Stored data entries
================

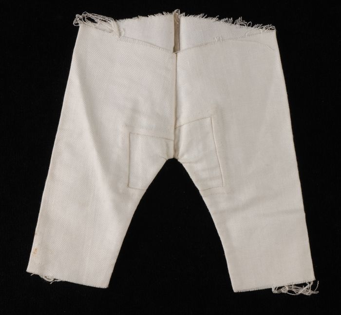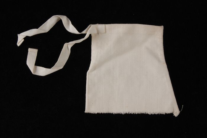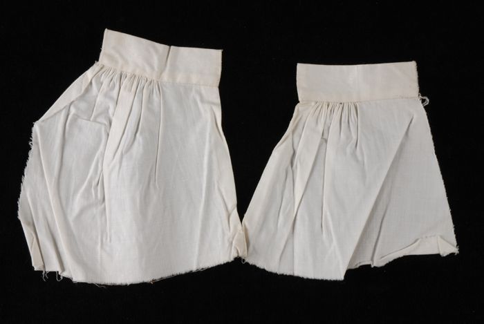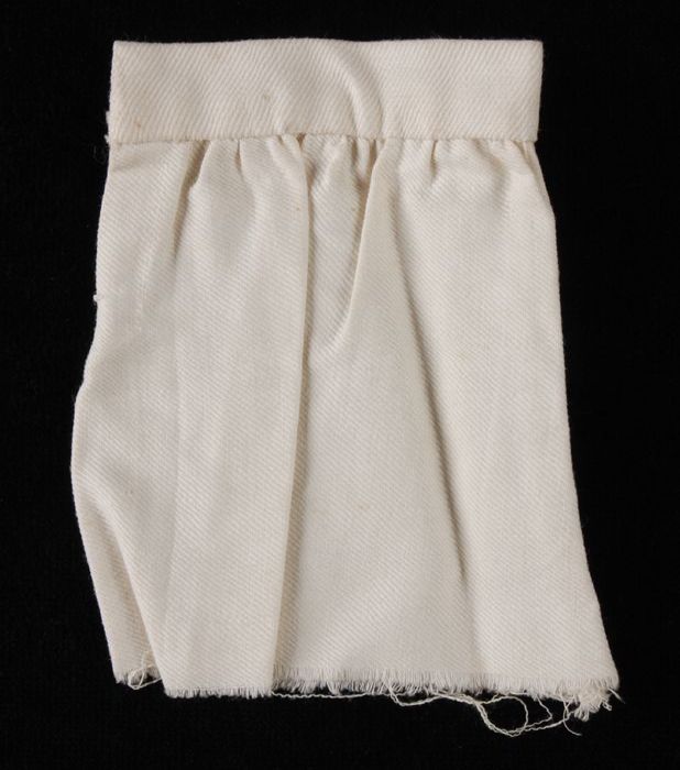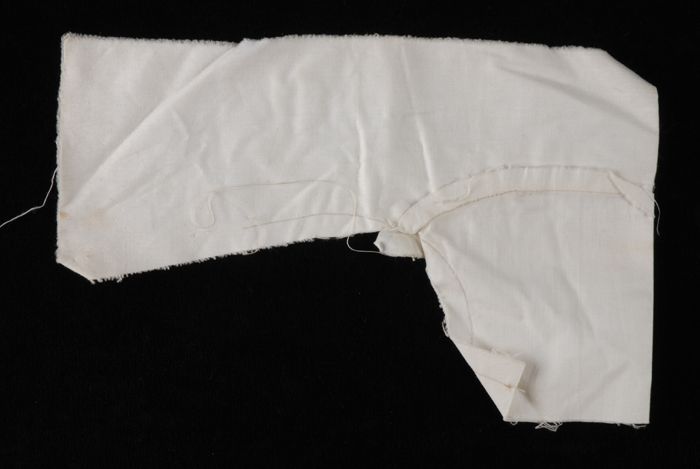 Miniatuur achterpand van een rok (?) van wit katoen ...
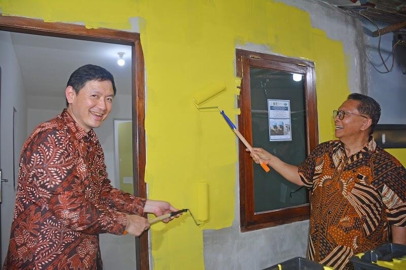 Presiden Direktur Summarecon Agung, Adrianto P. Adhi (kanan) melakukan seremoni simbolis mengecat salah satu rumah warga yang mendapatkan program Bedah 500 Rumah.
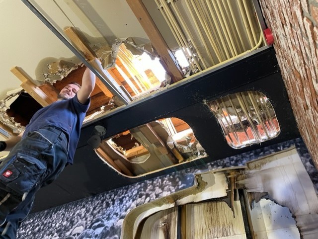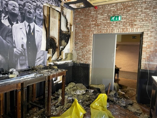 Jaap vertelt: “wij zijn de zondag direct gestart met wegzuigen van het bluswater, het opruimen van de brandresten, het dichtmaken van het dak, het plaatsen van drogers en een eerste reiniging van de keuken en het plaatsen van ontgeuringsapparatuur. Ook hebben we een installateur geregeld om de stroom en gasvoorziening te checken.”
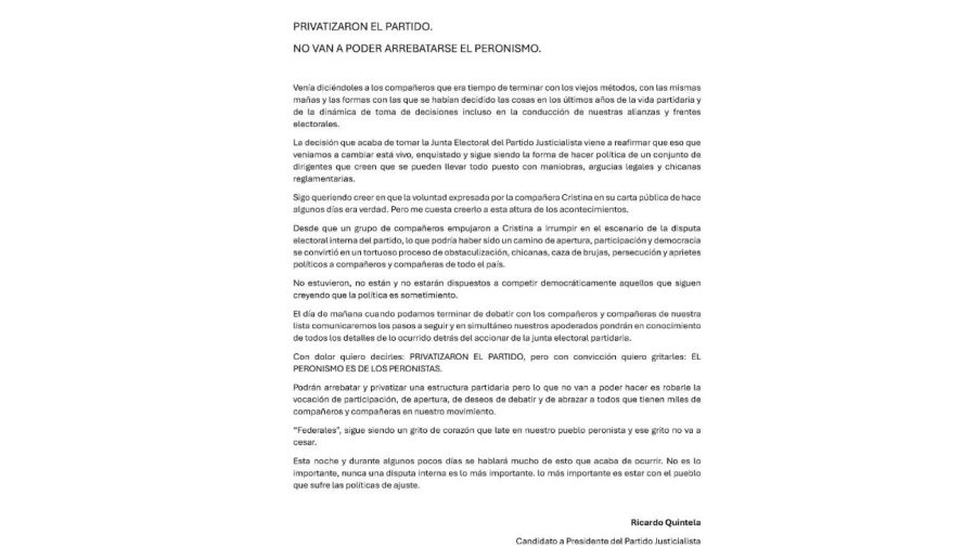 Por medio del texto emitido por “Federales: un grito de Corazón”, Quintela acusó a la facción representada por la expresidenta Cristina Fernández de Kirchner de haber influido en el proceso electoral para evitar que pudiera desarrollarse la interna. “Desde que un grupo de compañeros empujaron a Cristina a irrumpir en el escenario de la disputa electoral interna del partido, lo que podría haber sido un camino de apertura, participación y democracia se convirtió en un tortuoso proceso de obstaculización, chicanas, caza de brujas, persecución y aprietes políticos a compañeros y compañeras de todo el país”, denunció.
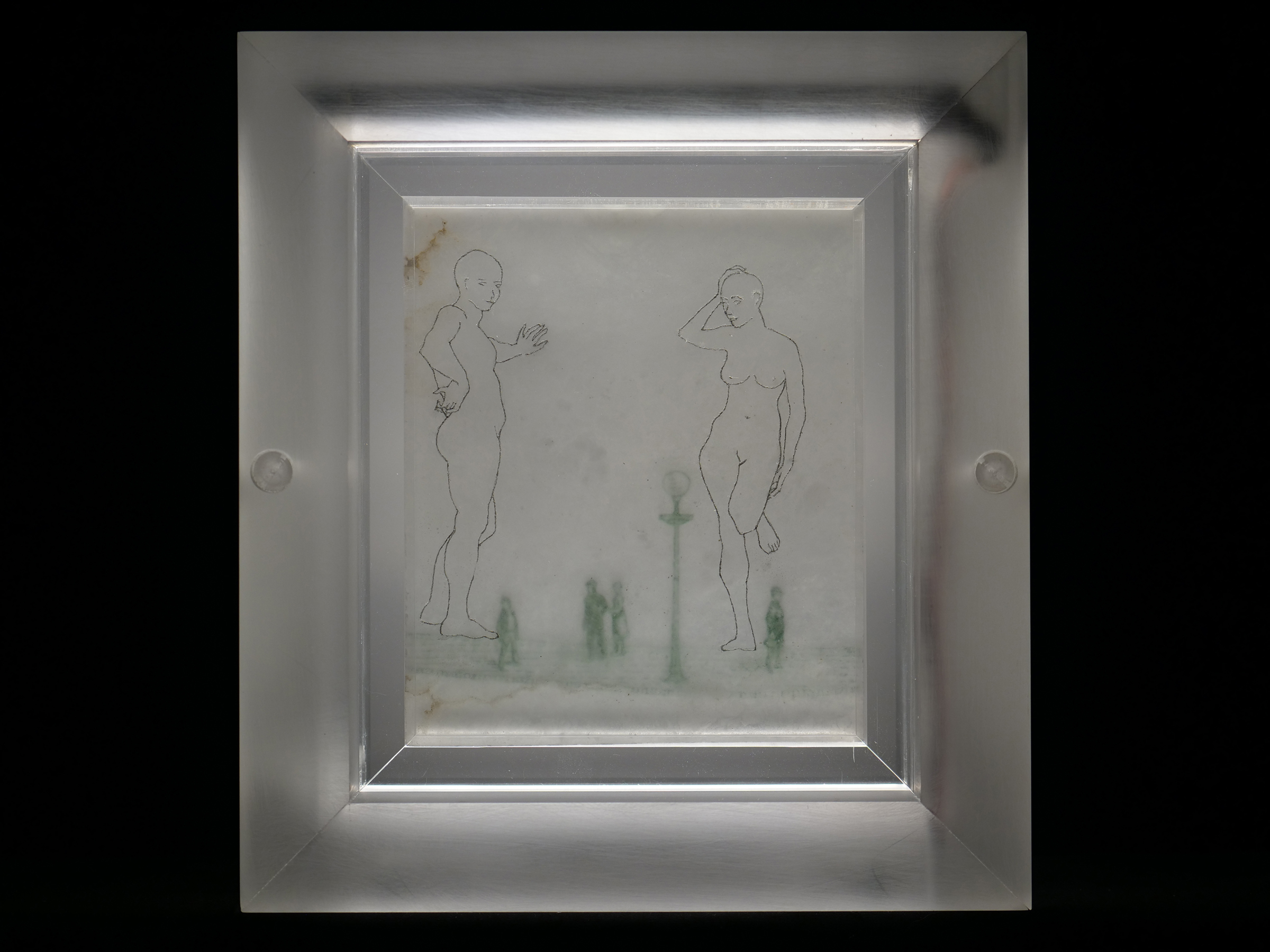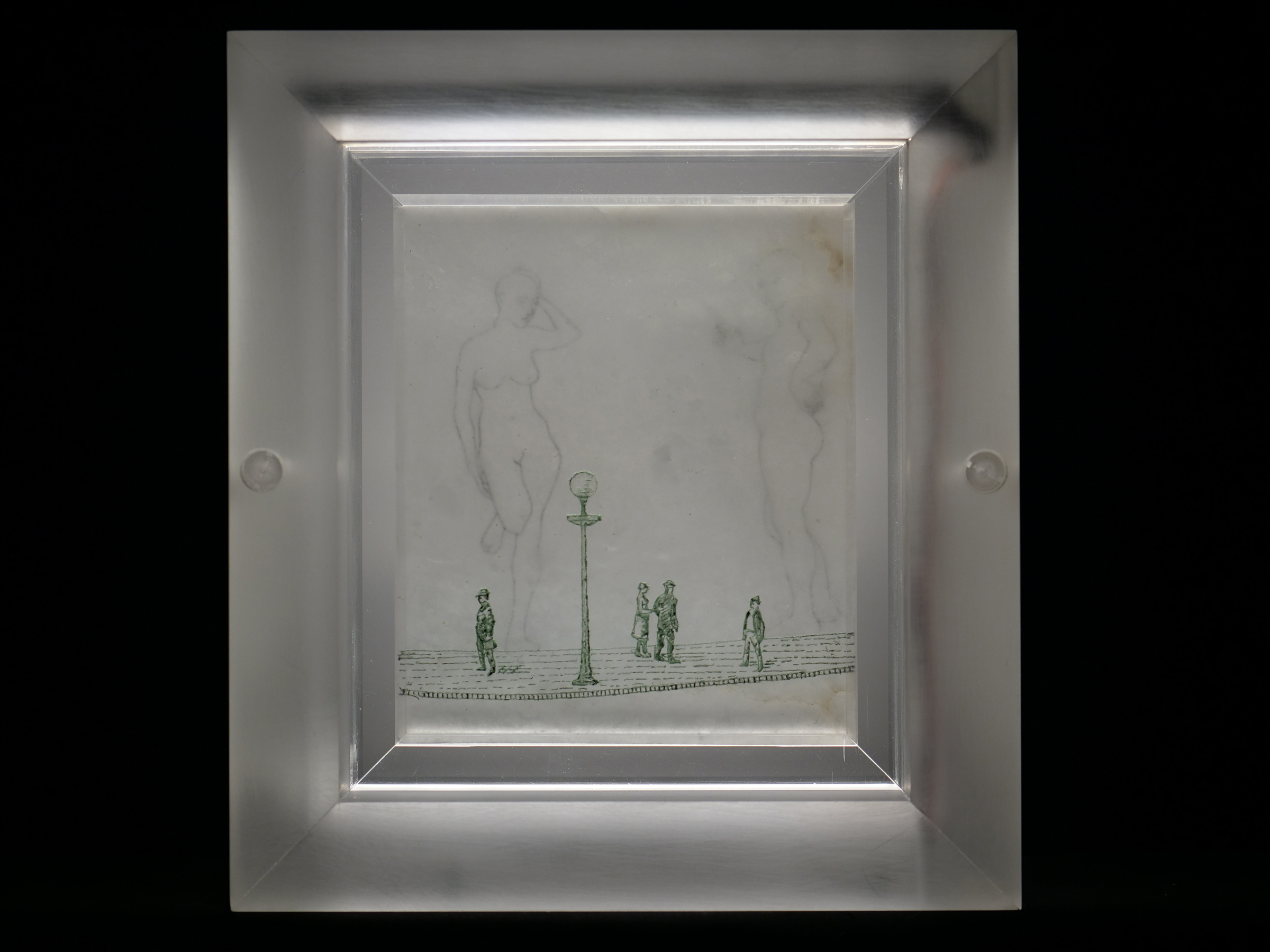 Illuminations; Commissioned by Davis and Louise Reimer, is a series of 30 Translucent Alabaster plates floated and illuminated in Plexiglass frames. Symbols from United States Currency drawn with green Currency ink on one side of the plate, interact with line figures drawn with black currency ink on the reverse side of the alabaster creating a ghostly poetic relationship.
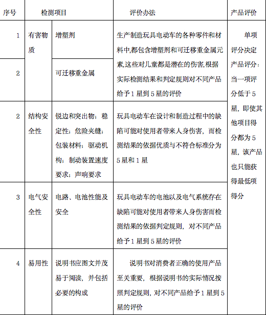 结果显示,没玩没了(JE1166)、贝瑞佳(JE1198)、好孩子、大可(DK-F150)、贝瑞佳(JJ263)等6个型号的玩具电动车获得了5星。同时,也有8款产品存在增塑剂含量超标问题。增塑剂是生产加工中常用于的改性助剂,而邻苯二甲酸脂是增塑剂的一种,当其超标时可能会对经常接触的儿童造成伤害,如抑制免疫系统功能、影响细胞活性、易导致基因突变、造成发育和生殖障碍、畸形和死亡等,应当引起消费者和生产商重视。2款产品存在活动间隙问题,由于儿童身体骨骼发育不完全,并且活泼好动,危险的间隙可能陷入儿童的手指并造成挤夹伤害。另外1款产品存在电池存在短路风险,消费者可能受到意外伤害。1款产品缺少说明书,消费者可能无法正确使用产品。
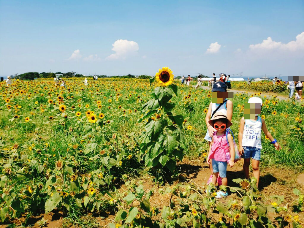1月の時は菜の花畑だった場所が今はひまわり畑になってたよ!満開!
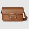 The Gucci Horsebit 1955 continues its equestrian-inspired design with the double ring and bar hardware, blending light gold-toned details and soft leather on this shoulder bag.
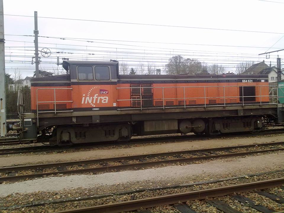 Traction assuré par une 63000 et une pousse de deux machines (664631 Arzens et 664635 ex fret) dont voici les photos

================

[Aim of the task]
What you should return is the exact text of every line from the top of the entries through the line with "Presiden Direktur Summarecon", pictures removed.

[Solution]
 Miniatuur achterpand van een rok (?) van wit katoen ...
 Presiden Direktur Summarecon Agung, Adrianto P. Adhi (kanan) melakukan seremoni simbolis mengecat salah satu rumah warga yang mendapatkan program Bedah 500 Rumah.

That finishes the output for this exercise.